Set down the data again exactly. Pictures are not part of the copy.

[Source data]
• • •

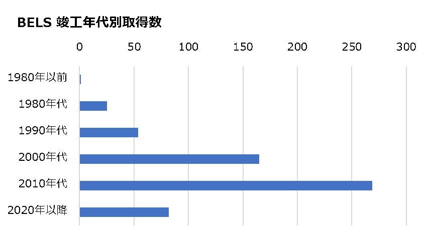 ・2000年より前の竣工であっても、環境性能評価・認証を取得している物件が多数あるという結果となりました。過去の物件であっても、今後申請することにより評価・認証を取得できる可能性があります。
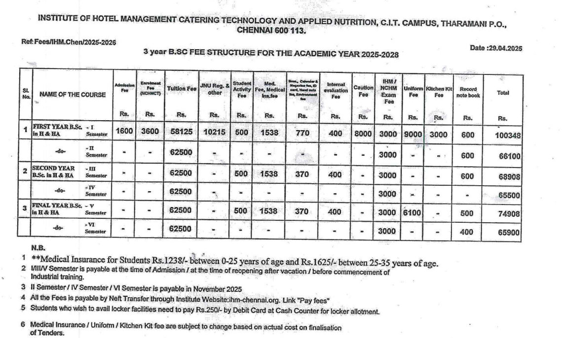 Earlier, B.Sc(HHA) Hospitality And Hotel Administration fees at Institute of Hotel Management Catering Technology and Applied Nutrition Chennai was ₹ 3.38 Lakhs (in 2024) for the entire course duration. This shows a fee increase of ₹ 1.04 Lakhs over the year.
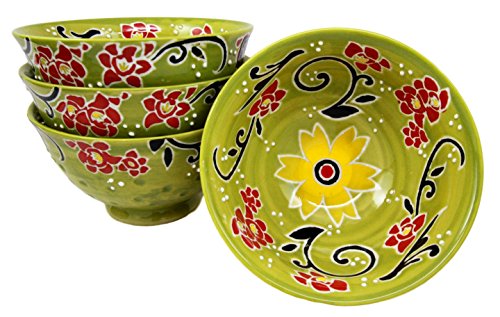 Atlantic Collectibles Set of 4 Luxury Ottoman Style Textured Dining Bowls 5.75"Diameter Made Of Ceramic Ideal For Home Decor Dinnerware & Giftware (Sunflower Green)
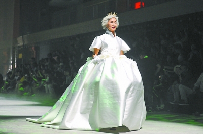 伴隨著音樂響起,100位身著白色婚紗禮服、頭發銀白的模特從帷幕下走出,領頭的是一位80歲高齡的“模特”——大秀設計師胡社光的媽媽黃玉琴。老太太穿著球鞋,拖著長長的裙擺,一步一步緩緩走來。雖然皺紋爬滿了臉龐,但她自信優雅的笑容仿佛在告訴看秀觀眾,這就是母親。
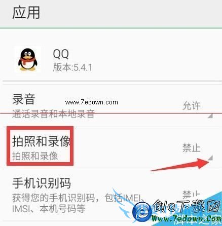 4、下拉选项直到“拍照和录像”,此时状态为禁止。点击右下黑色三角下拉菜单,选择“允许”状态。
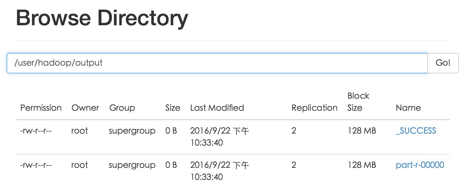 hadoop 安装包中提供了一个示例程序,我们可以使用它对刚刚上传的文件进行测试
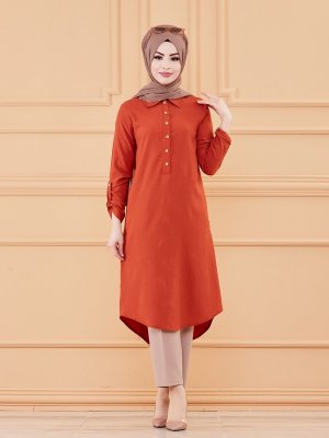 Tofisa Kiremit Düğme Detaylı Tunik
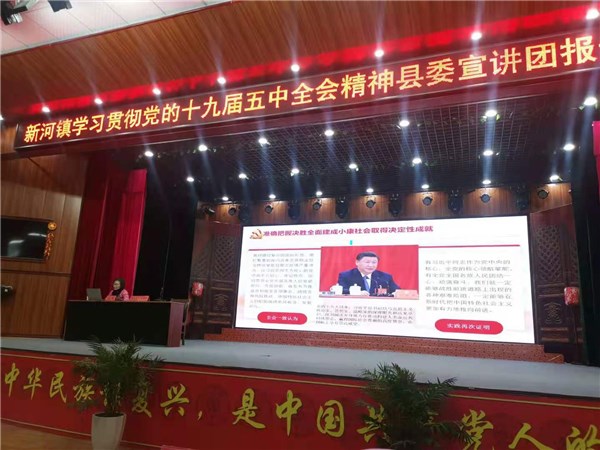 12月16日,青阳县学习贯彻党的十九届五中全会精神宣讲团成员、青阳县委党校高级讲师梅茹赴新河镇宣讲党的十九届五中全会精神,新河镇班子成员、全体党员干部参加报告会。
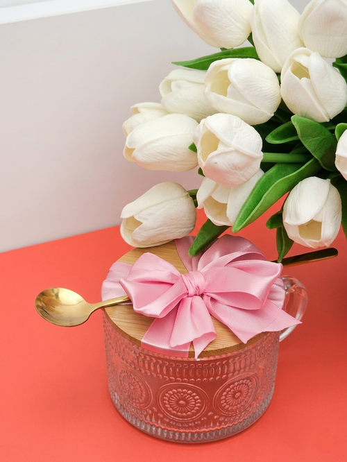 Add a touch of elegance to your space with this beautifully designed glass jar, featuring delicate textures, a soft pink bow, and a luxurious gold spoon.
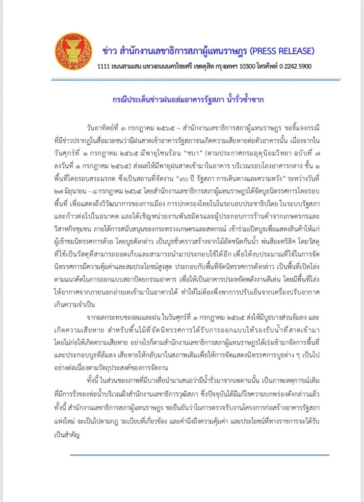 สํานักงานเลขาธิการสภาผู้แทนราษฎร ได้ออกเอกสารชี้แจงกรณีที่มีการแชร์ภาพ ฝนถล่มอาคารรัฐสภา เมื่อวันที่1 ก.ค. ที่ผ่านมาจนทำให้บูธนิทรรศการ 90 ปี รัฐสภา ล้มระเนระนาด จนถูกตั้งคำถามถึงประสิทธิภาพในการก่อสร้างอาคารรัฐสภา ว่า
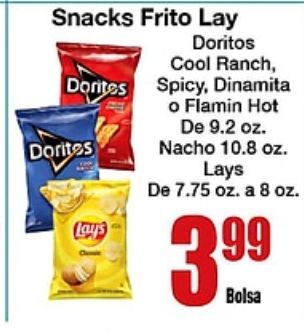 snacks frito doritos cool ranch dorites spicy, dinamita lay's flamin nacho lays bolsa
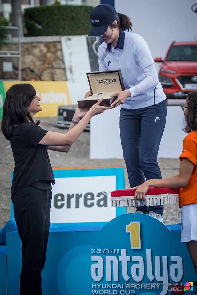 Korea’s So Chaewon was awarded the Prize for Precision at the second stage of the 2018 Hyundai Archery World Cup in Antalya, Turkey. Chaewon shot 113 total 10s through qualification and third-round-plus matchplay, the most of any of the compound women.
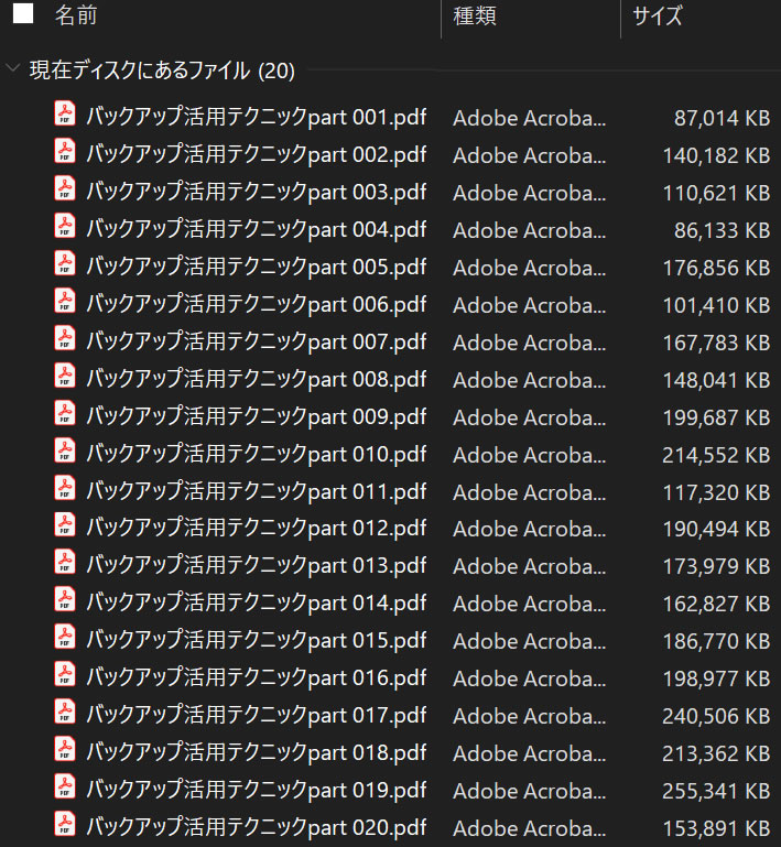 ちなみに各1冊あたりのデータサイズです。100~200MB前後なのでスキャンの圧縮率は高めのようです。
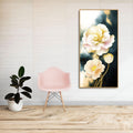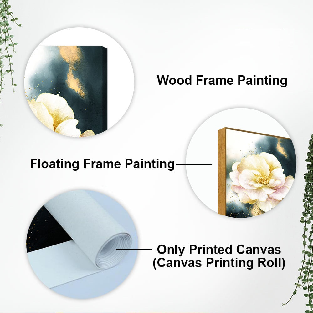 Golden Particles with White Flower Premium Canvas Wall Painting
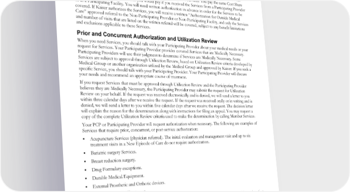 Referrals to Non-Participating Providers and Non-Participating Facilities If your PCP decides that you require Services not available from Participating Providers or Participating Facilities, they will recommend to Medical Group and Kaiser that you be referred to a Non-Participating Provider or Non-Participating Facility. If the Medical Group’s assigned Participating Provider determines that the Services are Medically Necessary and are not available from a Participating Provider or Participating Facility and determines that the Services are covered Services, Kaiser will authorize your referral to a Non- Participating Provider or Non-Participating Facility for the covered Services. You pay the same Cost Share for authorized referral Services that you would pay if you received the Services from a Participating Provider or at a Participating Facility. You will need written authorization in advance in order for the Services to be covered. If Kaiser authorizes the Services, you will receive a written “Authorization for Outside Medical Care” approved referral to the Non-Participating Provider or Non-Participating Facility, and only the Services and number of visits that are listed on the written referral will be covered, subject to any benefit limitations and exclusions applicable to these Services. Prior and Concurrent Authorization and Utilization Review When you need Services, you should talk with your Participating Provider about your medical needs or your request for Services. Your Participating Provider provides covered Services that are Medically Necessary. Participating Providers will use their judgment to determine if Services are Medically Necessary. Some Services are subject to approval through Utilization Review, based on Utilization Review criteria developed by Medical Group or another organization utilized by the Medical Group and approved by Kaiser. If you seek a specific Service, you should talk with your Participating Provider. Your Participating Provider will discuss your needs and recommend an appropriate course of treatment. If you request Services that must be approved through Utilization Review and the Participating Provider believes they are Medically Necessary, the Participating Provider may submit the request for Utilization Review on your behalf. If the request was received electronically and is denied, we will send a letter to you within three calendar days after we receive the request. If the request was received orally or in writing and is denied, we will send a letter to you within five calendar days after we receive the request. The decision letter will explain the reason for the determination along with instructions for filing an appeal. You may request a copy of the complete Utilization Review criteria used to make the determination by calling Member Services. Your PCP or Participating Provider will request authorization when necessary. The following are examples of Services that require prior, concurrent, or post-service authorization: Acupuncture Services (physician referred). The initial evaluation and management visit and up to six treatment visits in a New Episode of Care do not require authorization. Bariatric surgery Services. Breast reduction surgery. Drug Formulary exceptions. Durable Medical Equipment. External Prosthetic and Orthotic devices. Gender Affirming Treatment. General anesthesia and associated hospital or ambulatory surgical facility Services provided in conjunction with non-covered dental Services. Habilitative Services. Hospice and home health Services. Inpatient hospital Services, including birthing centers. EWCLGDED1983ACT0124 32 WAPEBB-CL-ACT
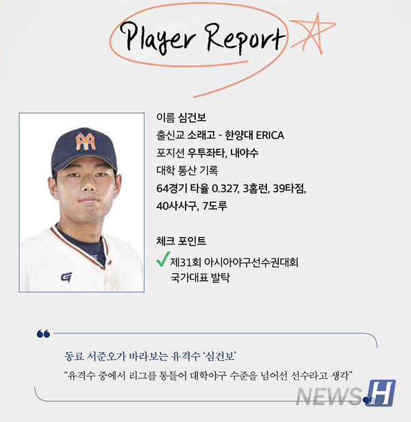 말주변이 좋은 선수는 아니지만 심건보에게 느껴지는 에너지는 성실함과 우직함, ‘뚝심’ 있는 야구선수다. 두산베어스가 오랫동안 보여온 뚝심 야구에 가장 잘 어울리는 선수일지도 모르겠다. 9라운드 지명으로 다소 후발지명이었지만 수많은 리포팅이 분석하듯 심건보가 지명받은 데는 다 그만한 이유가 있다. 심건보는 실전에서 대주자로도 즉시 투입할 수 있을 만큼 준비된 선수다. 한양대에서 4번타자로 활약했던 경험은 장타에 대한 가능성을 시사하게 한다. 한양대에서 졸업을 앞둔 심건보에게 4년의 학부시간은 그를 키운 중요한 시간이었을 터다. 고교 시절 드래프트에서 고배를 맛본 이후 오히려 마음의 조급함과 부담이 덜어졌다고.
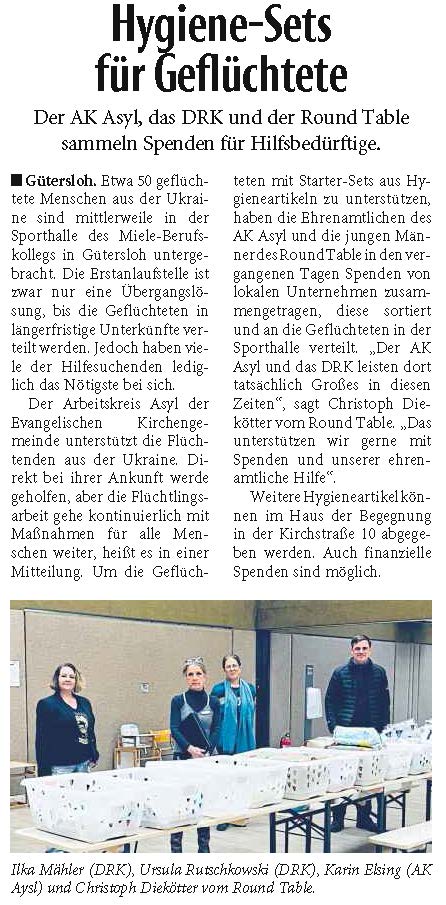 „Der Arbeitskreis Asyl der evangelischen Kirche unterstützt die Geflüchteten in Gütersloh mit viel Engagement und ehrenamtlicher Hilfe. Wir packen hier schon seit einigen Wochen mit Sachspenden für die Flüchtlingsunterkünfte selber mit an, jetzt kommt noch eine Geldspende hinzu“, berichtet Podkocki. „Wir wissen das dieses Geld direkt und lokal verwendet wird und damit die Geflüchteten unterstützt.“ Als weiteres Projekt spendet der Round Table an die Aktion Fruchtalarm. Die Ehrenämtler von Fruchtalarm fahren mit ihrer mobilen Cocktailbar zu den Einrichtungen und mixen frische, alkoholfreie Cocktails für Jung und Alt.
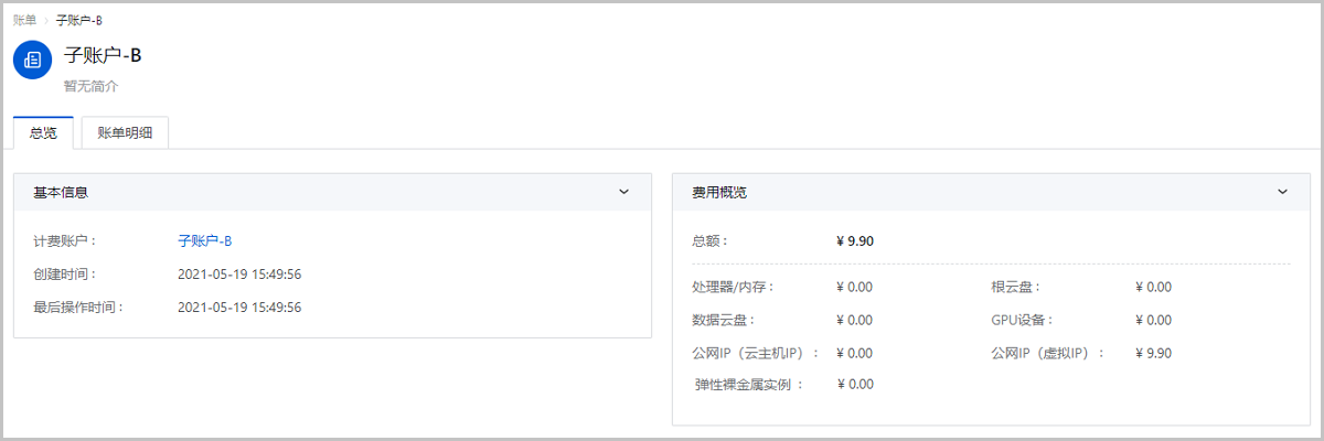 汇总账单显示指定时间段内项目/部门/账户的计费账单,方便用户快速了解近期消费情况。
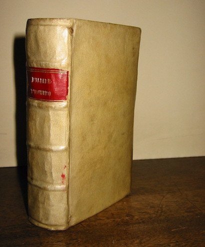 12mo (cm. 13,2), 2 cc.nn., 305 cc., 1 c.nn. Stemma in rosso e nero del Dedicatario al frontespizio. Capilettera xilografici ornati. Legatura antica in piena pergamena con nervetti e titolo oro su tassello in pelle rossa al ds. Tagli azzurri. Un piccolo restauro al margine inferiore bianco delle prime due carte. Occasionali lievi aloni, altrimenti esemplare in ottimo stato di conservazione. Prima rara edizione della traduzione di Bernardino Leo dell’Iliade. Adams H-786. Non in Br. Libr.
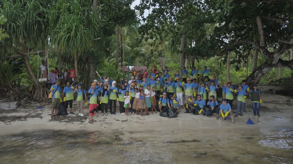 Setelah selesai kegiatan penanaman pohon, dilanjutkan dengan bersih sampah pada garis pantai di sekitar pesisir pulau Soop.
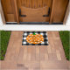 Begrüßen Sie Ihre Gäste diese Jahreszeit mit dieser trendy personalisierten Türmatte mit einem Büffel-Karohintergrund, einem Polkapunktkürbis und Ihrem Familiennamen.
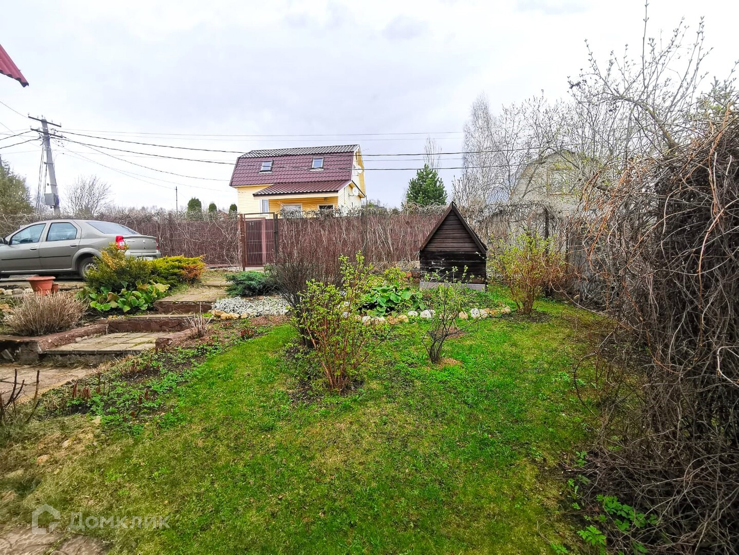 Периметр огорожен сеткой-рабицей, увитой девичьим виноградом.

• • •

__Expected output__.
 ・2000年より前の竣工であっても、環境性能評価・認証を取得している物件が多数あるという結果となりました。過去の物件であっても、今後申請することにより評価・認証を取得できる可能性があります。
 Earlier, B.Sc(HHA) Hospitality And Hotel Administration fees at Institute of Hotel Management Catering Technology and Applied Nutrition Chennai was ₹ 3.38 Lakhs (in 2024) for the entire course duration. This shows a fee increase of ₹ 1.04 Lakhs over the year.
 Atlantic Collectibles Set of 4 Luxury Ottoman Style Textured Dining Bowls 5.75"Diameter Made Of Ceramic Ideal For Home Decor Dinnerware & Giftware (Sunflower Green)
 伴隨著音樂響起,100位身著白色婚紗禮服、頭發銀白的模特從帷幕下走出,領頭的是一位80歲高齡的“模特”——大秀設計師胡社光的媽媽黃玉琴。老太太穿著球鞋,拖著長長的裙擺,一步一步緩緩走來。雖然皺紋爬滿了臉龐,但她自信優雅的笑容仿佛在告訴看秀觀眾,這就是母親。
 4、下拉选项直到“拍照和录像”,此时状态为禁止。点击右下黑色三角下拉菜单,选择“允许”状态。
 hadoop 安装包中提供了一个示例程序,我们可以使用它对刚刚上传的文件进行测试
 Tofisa Kiremit Düğme Detaylı Tunik
 12月16日,青阳县学习贯彻党的十九届五中全会精神宣讲团成员、青阳县委党校高级讲师梅茹赴新河镇宣讲党的十九届五中全会精神,新河镇班子成员、全体党员干部参加报告会。
 Add a touch of elegance to your space with this beautifully designed glass jar, featuring delicate textures, a soft pink bow, and a luxurious gold spoon.
 สํานักงานเลขาธิการสภาผู้แทนราษฎร ได้ออกเอกสารชี้แจงกรณีที่มีการแชร์ภาพ ฝนถล่มอาคารรัฐสภา เมื่อวันที่1 ก.ค. ที่ผ่านมาจนทำให้บูธนิทรรศการ 90 ปี รัฐสภา ล้มระเนระนาด จนถูกตั้งคำถามถึงประสิทธิภาพในการก่อสร้างอาคารรัฐสภา ว่า
 snacks frito doritos cool ranch dorites spicy, dinamita lay's flamin nacho lays bolsa
 Korea’s So Chaewon was awarded the Prize for Precision at the second stage of the 2018 Hyundai Archery World Cup in Antalya, Turkey. Chaewon shot 113 total 10s through qualification and third-round-plus matchplay, the most of any of the compound women.
 ちなみに各1冊あたりのデータサイズです。100~200MB前後なのでスキャンの圧縮率は高めのようです。
 Golden Particles with White Flower Premium Canvas Wall Painting
 Referrals to Non-Participating Providers and Non-Participating Facilities If your PCP decides that you require Services not available from Participating Providers or Participating Facilities, they will recommend to Medical Group and Kaiser that you be referred to a Non-Participating Provider or Non-Participating Facility. If the Medical Group’s assigned Participating Provider determines that the Services are Medically Necessary and are not available from a Participating Provider or Participating Facility and determines that the Services are covered Services, Kaiser will authorize your referral to a Non- Participating Provider or Non-Participating Facility for the covered Services. You pay the same Cost Share for authorized referral Services that you would pay if you received the Services from a Participating Provider or at a Participating Facility. You will need written authorization in advance in order for the Services to be covered. If Kaiser authorizes the Services, you will receive a written “Authorization for Outside Medical Care” approved referral to the Non-Participating Provider or Non-Participating Facility, and only the Services and number of visits that are listed on the written referral will be covered, subject to any benefit limitations and exclusions applicable to these Services. Prior and Concurrent Authorization and Utilization Review When you need Services, you should talk with your Participating Provider about your medical needs or your request for Services. Your Participating Provider provides covered Services that are Medically Necessary. Participating Providers will use their judgment to determine if Services are Medically Necessary. Some Services are subject to approval through Utilization Review, based on Utilization Review criteria developed by Medical Group or another organization utilized by the Medical Group and approved by Kaiser. If you seek a specific Service, you should talk with your Participating Provider. Your Participating Provider will discuss your needs and recommend an appropriate course of treatment. If you request Services that must be approved through Utilization Review and the Participating Provider believes they are Medically Necessary, the Participating Provider may submit the request for Utilization Review on your behalf. If the request was received electronically and is denied, we will send a letter to you within three calendar days after we receive the request. If the request was received orally or in writing and is denied, we will send a letter to you within five calendar days after we receive the request. The decision letter will explain the reason for the determination along with instructions for filing an appeal. You may request a copy of the complete Utilization Review criteria used to make the determination by calling Member Services. Your PCP or Participating Provider will request authorization when necessary. The following are examples of Services that require prior, concurrent, or post-service authorization: Acupuncture Services (physician referred). The initial evaluation and management visit and up to six treatment visits in a New Episode of Care do not require authorization. Bariatric surgery Services. Breast reduction surgery. Drug Formulary exceptions. Durable Medical Equipment. External Prosthetic and Orthotic devices. Gender Affirming Treatment. General anesthesia and associated hospital or ambulatory surgical facility Services provided in conjunction with non-covered dental Services. Habilitative Services. Hospice and home health Services. Inpatient hospital Services, including birthing centers. EWCLGDED1983ACT0124 32 WAPEBB-CL-ACT
 말주변이 좋은 선수는 아니지만 심건보에게 느껴지는 에너지는 성실함과 우직함, ‘뚝심’ 있는 야구선수다. 두산베어스가 오랫동안 보여온 뚝심 야구에 가장 잘 어울리는 선수일지도 모르겠다. 9라운드 지명으로 다소 후발지명이었지만 수많은 리포팅이 분석하듯 심건보가 지명받은 데는 다 그만한 이유가 있다. 심건보는 실전에서 대주자로도 즉시 투입할 수 있을 만큼 준비된 선수다. 한양대에서 4번타자로 활약했던 경험은 장타에 대한 가능성을 시사하게 한다. 한양대에서 졸업을 앞둔 심건보에게 4년의 학부시간은 그를 키운 중요한 시간이었을 터다. 고교 시절 드래프트에서 고배를 맛본 이후 오히려 마음의 조급함과 부담이 덜어졌다고.
 „Der Arbeitskreis Asyl der evangelischen Kirche unterstützt die Geflüchteten in Gütersloh mit viel Engagement und ehrenamtlicher Hilfe. Wir packen hier schon seit einigen Wochen mit Sachspenden für die Flüchtlingsunterkünfte selber mit an, jetzt kommt noch eine Geldspende hinzu“, berichtet Podkocki. „Wir wissen das dieses Geld direkt und lokal verwendet wird und damit die Geflüchteten unterstützt.“ Als weiteres Projekt spendet der Round Table an die Aktion Fruchtalarm. Die Ehrenämtler von Fruchtalarm fahren mit ihrer mobilen Cocktailbar zu den Einrichtungen und mixen frische, alkoholfreie Cocktails für Jung und Alt.
 汇总账单显示指定时间段内项目/部门/账户的计费账单,方便用户快速了解近期消费情况。
 12mo (cm. 13,2), 2 cc.nn., 305 cc., 1 c.nn. Stemma in rosso e nero del Dedicatario al frontespizio. Capilettera xilografici ornati. Legatura antica in piena pergamena con nervetti e titolo oro su tassello in pelle rossa al ds. Tagli azzurri. Un piccolo restauro al margine inferiore bianco delle prime due carte. Occasionali lievi aloni, altrimenti esemplare in ottimo stato di conservazione. Prima rara edizione della traduzione di Bernardino Leo dell’Iliade. Adams H-786. Non in Br. Libr.
 Setelah selesai kegiatan penanaman pohon, dilanjutkan dengan bersih sampah pada garis pantai di sekitar pesisir pulau Soop.
 Begrüßen Sie Ihre Gäste diese Jahreszeit mit dieser trendy personalisierten Türmatte mit einem Büffel-Karohintergrund, einem Polkapunktkürbis und Ihrem Familiennamen.
 Периметр огорожен сеткой-рабицей, увитой девичьим виноградом.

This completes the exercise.